Problem: Exact copy, no pictures: set down every entry below as written.
---------- Data listing ----------
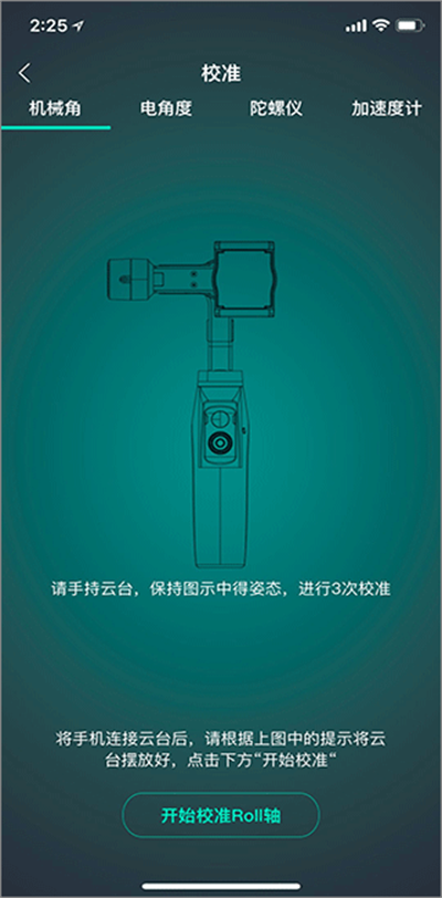 5.点击页面下方“校准”后按照图片指示说明依次进行校准,设备进入休眠状态,即可开始进行Roll轴、Pitch轴、Yaw轴3次校准,根据提示校准完成后,重新启动设备连接app即可使用。
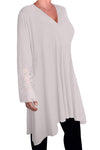 • Soft Jersey Fabrication Drapes Fluidly In To An Asymmetric Hem.
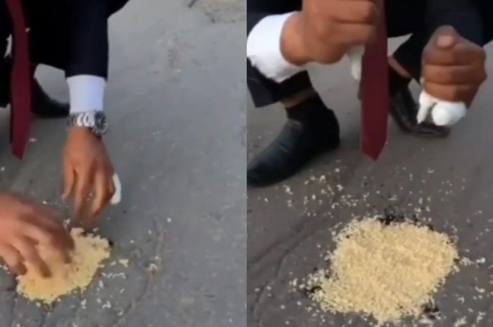 Gridmotor.id - Insinyur pasti nangis liat video ini tambal jalan berlubang pakai mie instan.
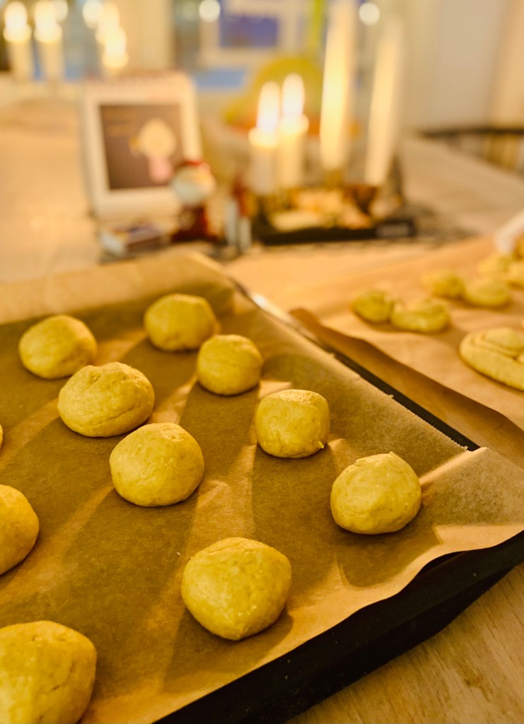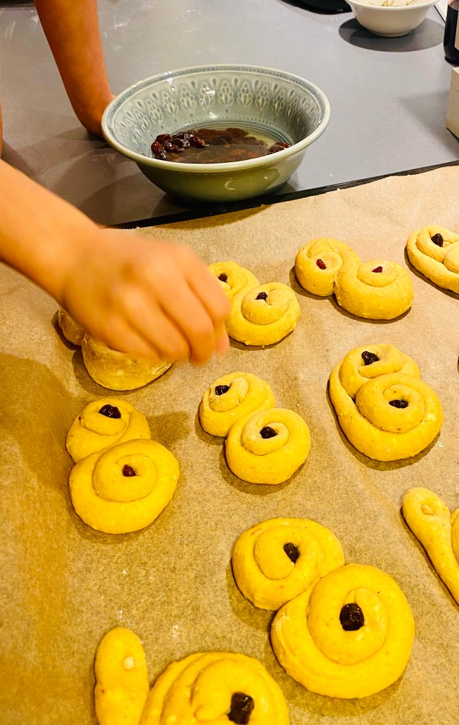 Forma till lussebullar i vilka former som helst – vi gjorde 10 st semlor också 🤩 lägg dem på bakplåtspappersklädda plåtar och låt jäsa ca 40-50 min under duk
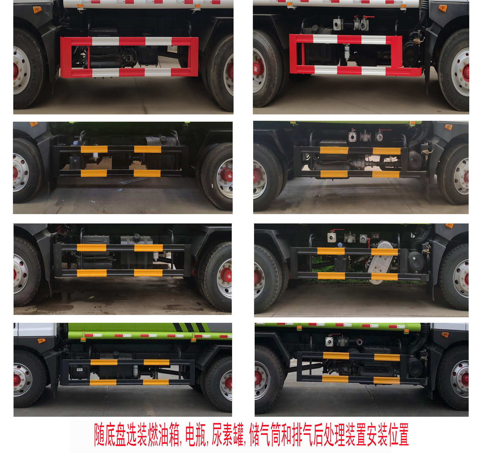| 其他 | 随底盘扩展驾驶室及选装燃油箱,电瓶,尿素罐,储气筒和排气后处理装置安装位置,选装雾炮样式;罐体有效容积10.5立方米,罐体尺寸:4250×2300×1450(mm);ABS系统生产厂家/型号:焦作博瑞克控制技术有限公司/JABS;侧防护材料Q235,连接方式焊接连接,后防护材料Q235,焊接连接,后防护截面高度尺寸140mm,截面宽度尺寸50mm,下边缘离地高度430mm; 该车主要装置是罐体和喷雾机,用于降低空气中的灰尘,雾霾等现象.仅采用底盘3950mm和4500mm轴距改装。 | ||
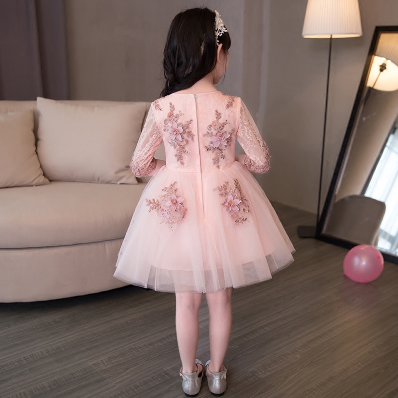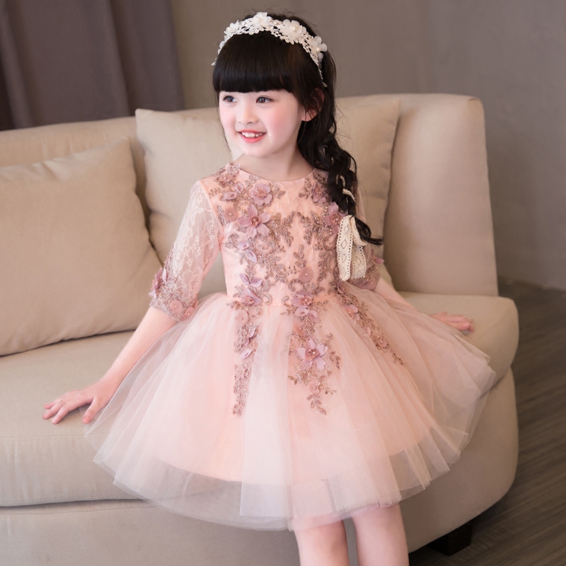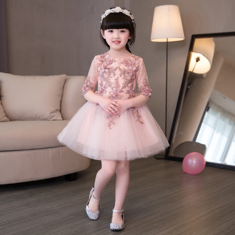 2020New Korean Formal Princess Costumes Party Dress Girl Kids Luxury Embroidery Lace Birthday Wedding Party Half Sleeves Dress
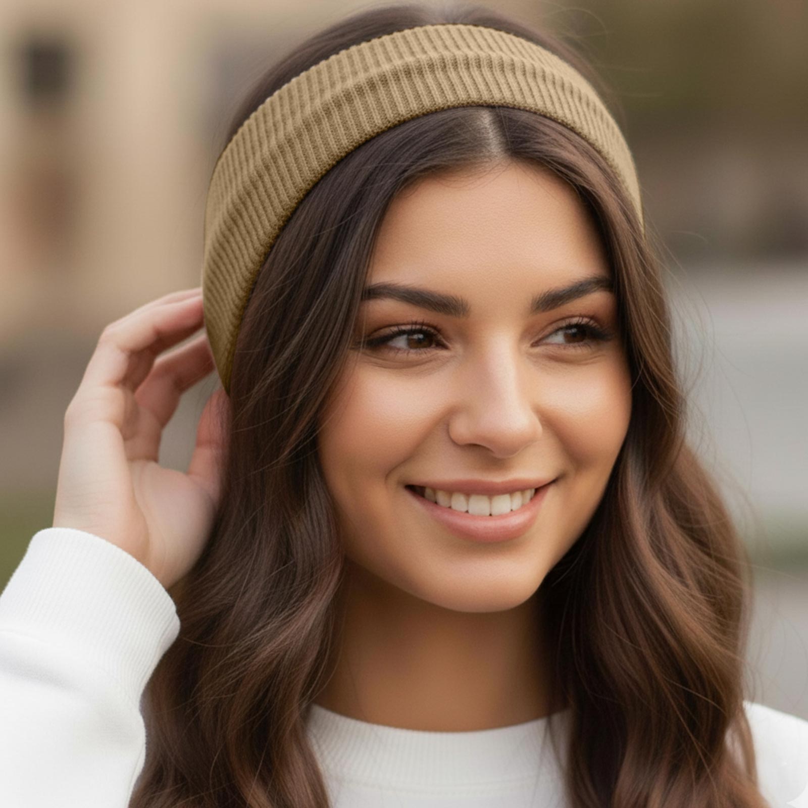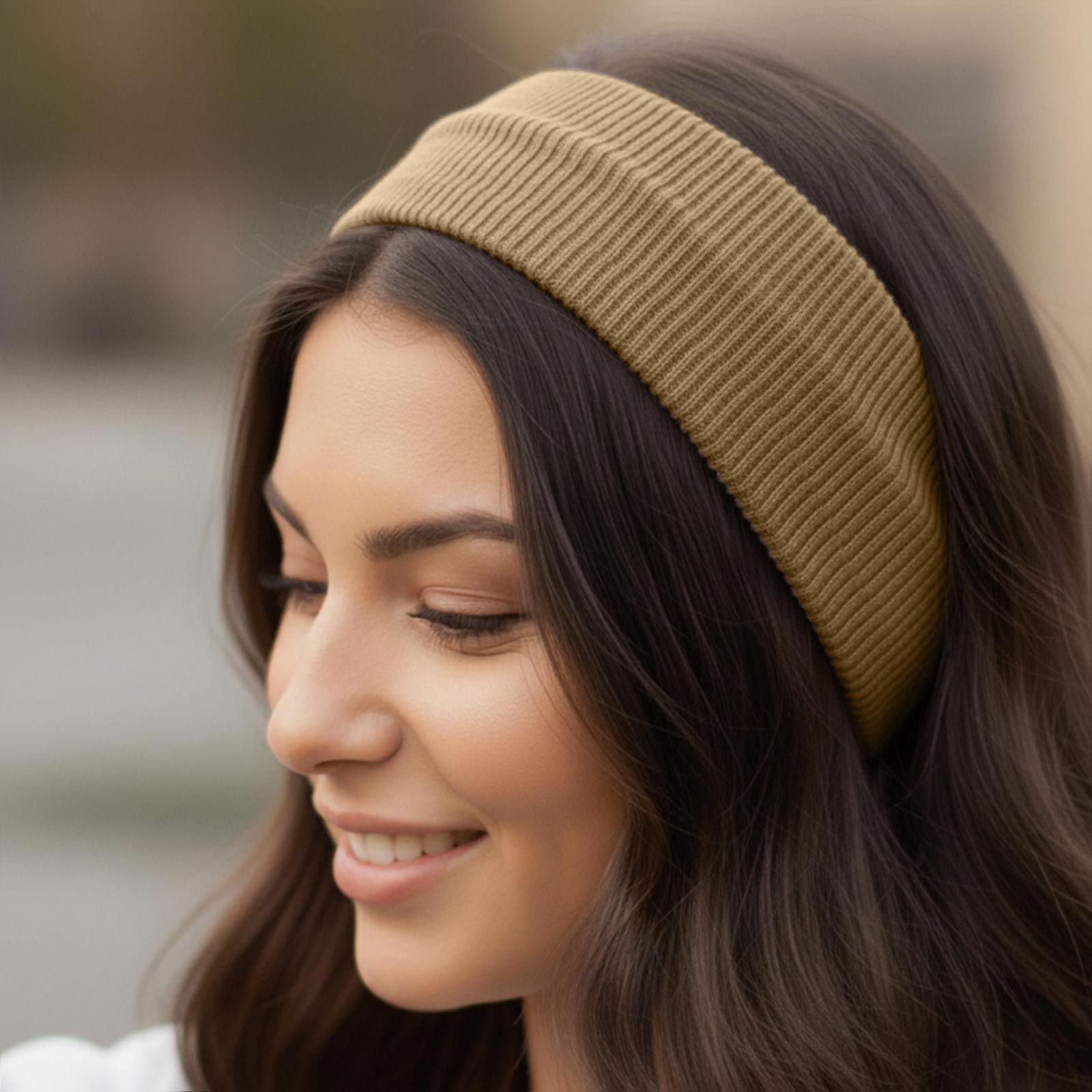 Bandeau Large Côtelé Mila en Coton Beige Kaki
----------
Solution to this task:
 5.点击页面下方“校准”后按照图片指示说明依次进行校准,设备进入休眠状态,即可开始进行Roll轴、Pitch轴、Yaw轴3次校准,根据提示校准完成后,重新启动设备连接app即可使用。
 • Soft Jersey Fabrication Drapes Fluidly In To An Asymmetric Hem.
 Gridmotor.id - Insinyur pasti nangis liat video ini tambal jalan berlubang pakai mie instan.
 Forma till lussebullar i vilka former som helst – vi gjorde 10 st semlor också 🤩 lägg dem på bakplåtspappersklädda plåtar och låt jäsa ca 40-50 min under duk
| 其他 | 随底盘扩展驾驶室及选装燃油箱,电瓶,尿素罐,储气筒和排气后处理装置安装位置,选装雾炮样式;罐体有效容积10.5立方米,罐体尺寸:4250×2300×1450(mm);ABS系统生产厂家/型号:焦作博瑞克控制技术有限公司/JABS;侧防护材料Q235,连接方式焊接连接,后防护材料Q235,焊接连接,后防护截面高度尺寸140mm,截面宽度尺寸50mm,下边缘离地高度430mm; 该车主要装置是罐体和喷雾机,用于降低空气中的灰尘,雾霾等现象.仅采用底盘3950mm和4500mm轴距改装。 | ||
 2020New Korean Formal Princess Costumes Party Dress Girl Kids Luxury Embroidery Lace Birthday Wedding Party Half Sleeves Dress
 Bandeau Large Côtelé Mila en Coton Beige Kaki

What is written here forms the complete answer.